Now, people just want to know what I am about because I am Femi Otedola’s daughter. And they can easily say, “She is not that good” just because she is Otedola’s daughter. I have had people come up to me and be like, “You are nothing like I thought you will be.” People are more prone to assume anything about me. I could do a really good DJ stuff, but because someone may have had a problem with my dad they may not just be happy about my work. They already decided that I am a bad DJ.


In an interview in 2014, you said people should not look at your father, but should look at your talent. Has that perception changed?

I feel like it is changing with Green Light, for example. Being able to produce my own song and the song is a good song, working with someone like Tekno instead of Davido shows that I am a credible musician. Yes, my father may be who he is, but I understand and can make good music. So, I don’t think anyone would like Green Light because it is a Femi Otedola’s daughter’s song. I feel like the perceptions are changing.


Recently your sister, Tolani, introduced herself to the music industry with a new single. Any chance of working together with her?

Yes, my sister Tolani just launched her music career. She is my older sister and I am very excited for her. She has been doing music for a while, but the whole world has finally gotten to hear her. And as far as doing music together, I definitely think that we will. As you can guess, our house is never quiet. My father has got GTO fashion, who is the youngest girl. She has her fashion blog. He’s got Cuppy, who is a DJ and now, he’s got Tolani who is a singer. I would like to do something with Tolani. My younger sister, Temi, and I have done a lot of things together.

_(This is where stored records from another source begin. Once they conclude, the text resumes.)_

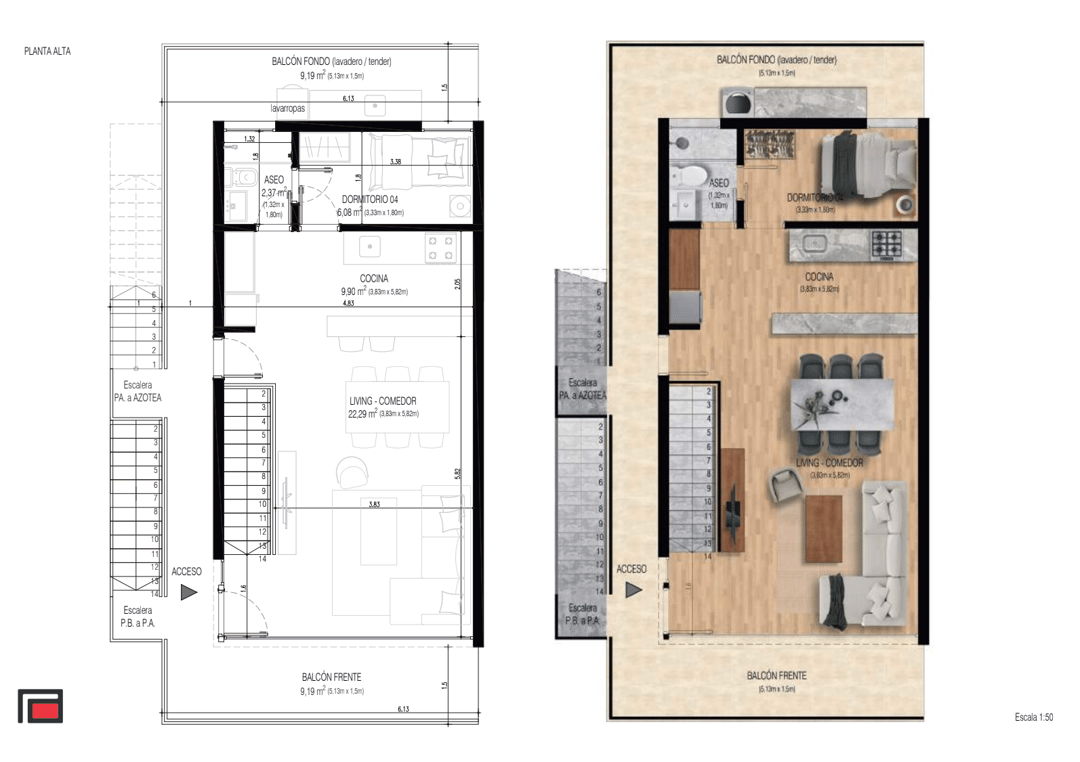 Cada unidad cuenta con 3 dormitorios más servicio, living en planta alta con vista al mar, terraza con pérgola y parrillero, además de garaje para dos autos.
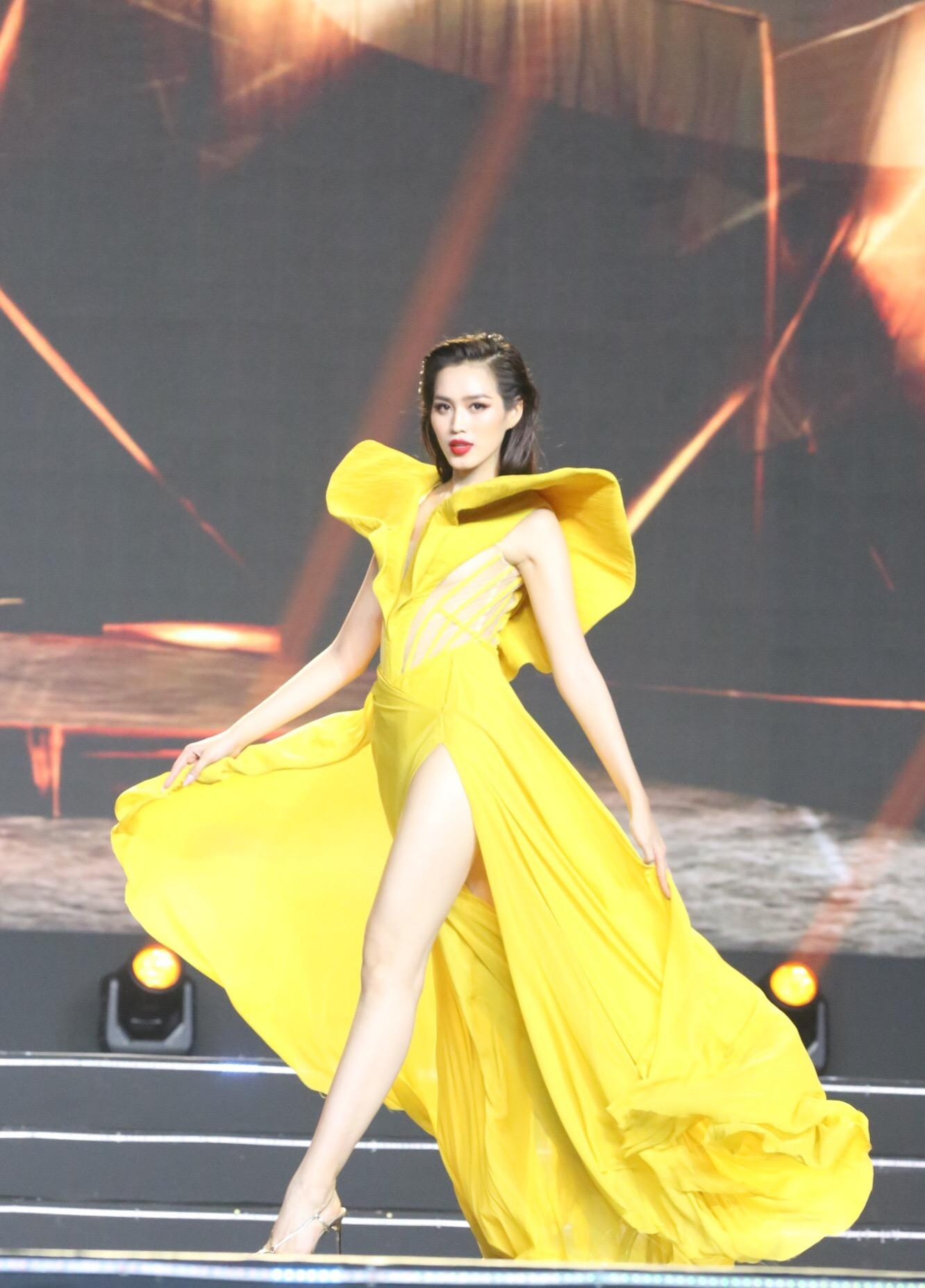 Đỗ Thị Hà chứng tỏ bản lĩnh và thần thái rạng ngời của đương kim hoa hậu trong bộ váy dạ hội vàng lộng lẫy.
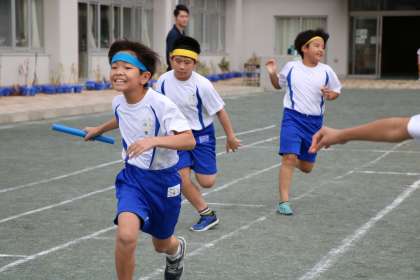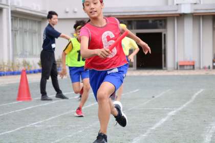 途中走者やアンカーがゼッケンをつけて走るので、各チームだいたい何人目の走者なのか目安がつきますが。子どもたちは、走ること、応援することに必死です。
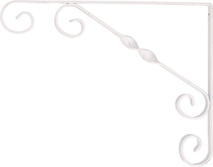 1x Witte stalen plankdrager/planksteun Jutta 23 x 18 cm tot 30 kg. Stevige plankdrager ornament van metaal, met decoratieve krullen. De drager heeft meerdere voorgeboorde gaten waardoor u deze aan de wand kunt bevestigen, maar ook de door u gekozen plank aan de drager vast kunt schroeven. De drager/console is keerbaar, en afhankelijk van welke zijde u aan de muur heeft bevestigd, daardoor geschikt voor planken van 20 en 30 cm diep.
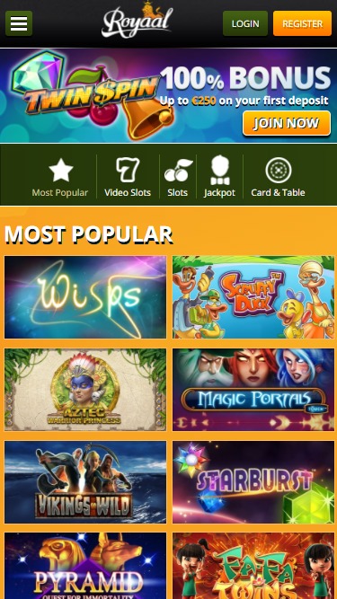 रॉयल कैसीनो Net Entertainment, BetSoft, iSoftBet, Play'n GO, Vivo Gaming and Yggdrasil द्वारा संचालित है, और कैसीनो अपने गेम एक वेब-आधारित इंस्टेंट प्ले प्लेटफ़ॉर्म के माध्यम से प्रदान करता है जो आपकी हार्ड ड्राइव पर बोझिल सॉफ़्टवेयर डाउनलोड करने की आवश्यकता को समाप्त करता है। कैसीनो मोबाइल प्ले को भी सपोर्ट करता है, जिससे आप अपने स्मार्टफ़ोन और टैबलेट के माध्यम से गेम खेल सकते हैं।अन्य खेल
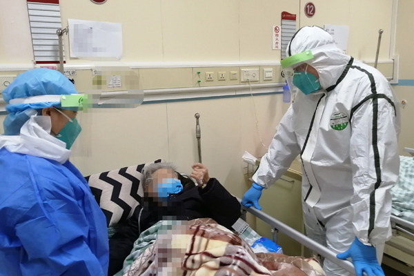 2月12日,全國人大代表、中央指導組專家組成員、中國工程院院士、天津中醫藥大學校長張伯禮(前排左三)在湖北武漢江夏方艙醫院指導工作。

I think it will be great to do something with my older sister.


DJ Jimmy Jatt more or less began the collaboration between DJ and artistes. What is your take on that?

Uncle Jimmy has been a father figure for all Nigerian DJs. And it is amazing what he did because with him came a crop of new DJs like Neptune, Xclusive, Spinall. There are so many DJs doing amazing things. For me, it is important I create my own path. I didn’t come out like saying, “DJ Cuppy”, I am literally singing. I want Cuppy to be that DJ that pushed the buttons; that did different things especially for young people. I am turning 25 in a week’s time and it is such a pinnacle point in my career where I have got to make sure that all the things I want to do, I am doing them now. I want Cuppy to be that brand that did things differently.


Who inspires you?

Every successful person I have met has different role models. You have to surround yourself with different types of people and pick the good and leave the bad.


From whom did you get the love for music from?

Showbiz and music has always been a big part of my growing up. My dad loves music. I think in the past, he did something with Shina Peters. Music has been something we loved. Whether listening to music in the car or going to concerts, we were almost into music. My dad used to tell me stories about when he used to go to the shrine. Fela has always been my favourite artiste. While getting educated, I used music as a way of having fun. When I moved abroad, I used to listen to Nigerian music to make me feel better being in the cold. Yes, to answer your question directly, love for music came from home.


How long do you intend to do music and since the family business is big, which of you would be paying attention to your father’s businesses?

I am turning 25. I still consider myself a young person. Yes, I have to make some decisions and I have to think about the future. I feel like I have more to offer music wise: whether that means for me to do one album full of good songs or drop an EP. Green Light has been very well received. I think it shows that I have a lot of potentials. I feel the need to drop one EP or Album that has a body of great work. On the other sides, I have been involved in my father’s business on many levels. If I wasn’t a DJ, I would be an oil trader in an office complaining of how boring it is, but probably making more money than I do now. But for me, I put happiness over money any day. However, I would love to get involved in renewable energy someday.